## Problem description
Quote all of the data exactly as given. Skip every picture it contains.

···

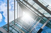Deel van de glazen gevel van een modern kantoorgebouw in het centrum van Berlijn met uitzicht naar boven in verblindend zonlicht in de zomer
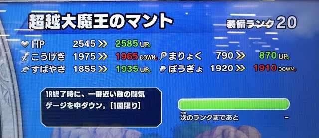 クロスブレイド超1弾稼働記念ゴメちゃんスタンプラリーですが、稼働4日目でスタンプが4個になり、金の装備ゲットまでリーチとなりました。まあ、間違いなく明日ゲット出来ます。昔ゲットした「金のパプニカのナイフ」「金のドラゴンキラー」に続く金色装備で、1個だけで装備ランクMAXとなるものですね(ランク1なのに・・・)。今回、「金のダイの剣」「金の竜の騎士の大盾」「金の魔法の闘衣」が手に入るということで、これにゴメちゃんヘッドを装着したら『全身金ピカ』ですね(^^)。あ、「金の魔法の闘衣」ってゴメちゃんヘッド同様「見た目変更アイテム」なのか!だからイチオシ報酬に出て来なかったんだな。 今日は店に行ってスコチャレやりましたが(他にやること無し)、明日スタンプラリーが終わったら17日のストーリー開放までやることがないですね・・・無料コインゲームも必要ないし、スコチャレも「何をどうしたら・・・」は掴めた気もするから?あとはデイリー大会の24日&25日にプレイすればいいし。17日のストーリー開放で腕輪はランク10になるはずですし、残りのストーリー開放は29日のコレクション2稼働開始後でしょうね。ま、コレクション2に向けて、無意味にゲーセンに行かないで小銭貯めるとしますかね(^^)。
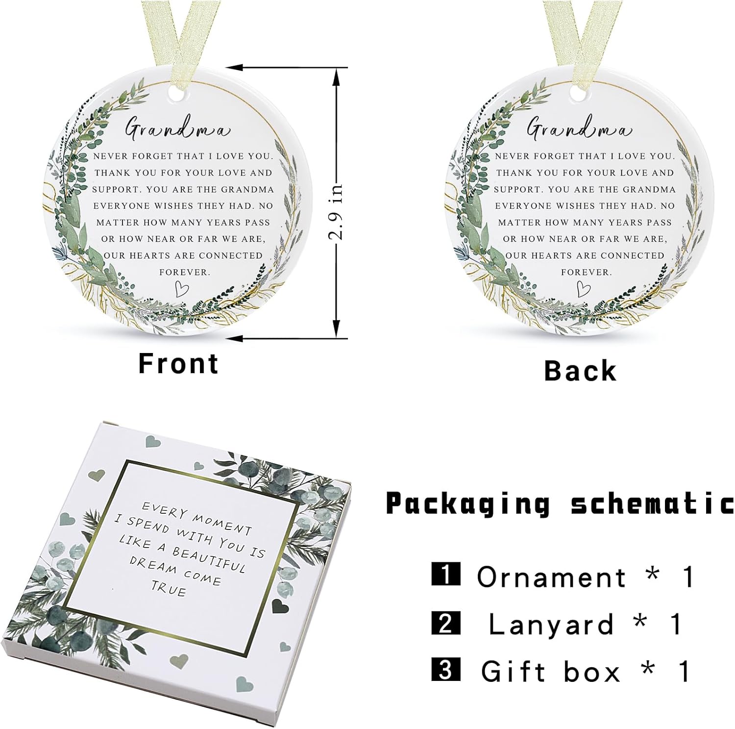 - ๐ผใPerfect and delicate sizeใThis is a grandma memory ornament with a diameter of 2.9 inches and a thickness of only 0.18 inches. The product includes: a round grandma ornamentt*1, a gift box*1 and a lanyard*1. The gift box comes with it makes it easy for you to give the best grandma ever gifts directly to family and friends and other special people in your life, and the lanyard that comes with it helps to hang it easily on the Christmas tree or anywhere you want.
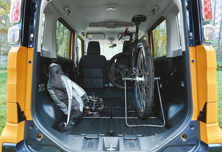 スズキ「スペーシアギア」のラゲッジルーム。フロアが防汚仕様のため、泥のついたMTBなどもそのまま入れることができる
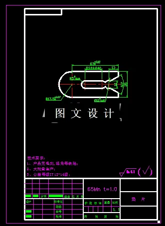 本次设计的垫片,外形不规则,单侧还有个很深的缺口,材料为65Mn钢,厚度t=1.0,此材料属于优质碳素结构钢,其抗剪强度 =600MPa,抗拉强度 =750MPa,屈服极限400MPa,通过对材料和工件形状分析,选择倒装模具结构设计。

···

## Result
Deel van de glazen gevel van een modern kantoorgebouw in het centrum van Berlijn met uitzicht naar boven in verblindend zonlicht in de zomer
 クロスブレイド超1弾稼働記念ゴメちゃんスタンプラリーですが、稼働4日目でスタンプが4個になり、金の装備ゲットまでリーチとなりました。まあ、間違いなく明日ゲット出来ます。昔ゲットした「金のパプニカのナイフ」「金のドラゴンキラー」に続く金色装備で、1個だけで装備ランクMAXとなるものですね(ランク1なのに・・・)。今回、「金のダイの剣」「金の竜の騎士の大盾」「金の魔法の闘衣」が手に入るということで、これにゴメちゃんヘッドを装着したら『全身金ピカ』ですね(^^)。あ、「金の魔法の闘衣」ってゴメちゃんヘッド同様「見た目変更アイテム」なのか!だからイチオシ報酬に出て来なかったんだな。 今日は店に行ってスコチャレやりましたが(他にやること無し)、明日スタンプラリーが終わったら17日のストーリー開放までやることがないですね・・・無料コインゲームも必要ないし、スコチャレも「何をどうしたら・・・」は掴めた気もするから?あとはデイリー大会の24日&25日にプレイすればいいし。17日のストーリー開放で腕輪はランク10になるはずですし、残りのストーリー開放は29日のコレクション2稼働開始後でしょうね。ま、コレクション2に向けて、無意味にゲーセンに行かないで小銭貯めるとしますかね(^^)。
 - ๐ผใPerfect and delicate sizeใThis is a grandma memory ornament with a diameter of 2.9 inches and a thickness of only 0.18 inches. The product includes: a round grandma ornamentt*1, a gift box*1 and a lanyard*1. The gift box comes with it makes it easy for you to give the best grandma ever gifts directly to family and friends and other special people in your life, and the lanyard that comes with it helps to hang it easily on the Christmas tree or anywhere you want.
 スズキ「スペーシアギア」のラゲッジルーム。フロアが防汚仕様のため、泥のついたMTBなどもそのまま入れることができる
 本次设计的垫片,外形不规则,单侧还有个很深的缺口,材料为65Mn钢,厚度t=1.0,此材料属于优质碳素结构钢,其抗剪强度 =600MPa,抗拉强度 =750MPa,屈服极限400MPa,通过对材料和工件形状分析,选择倒装模具结构设计。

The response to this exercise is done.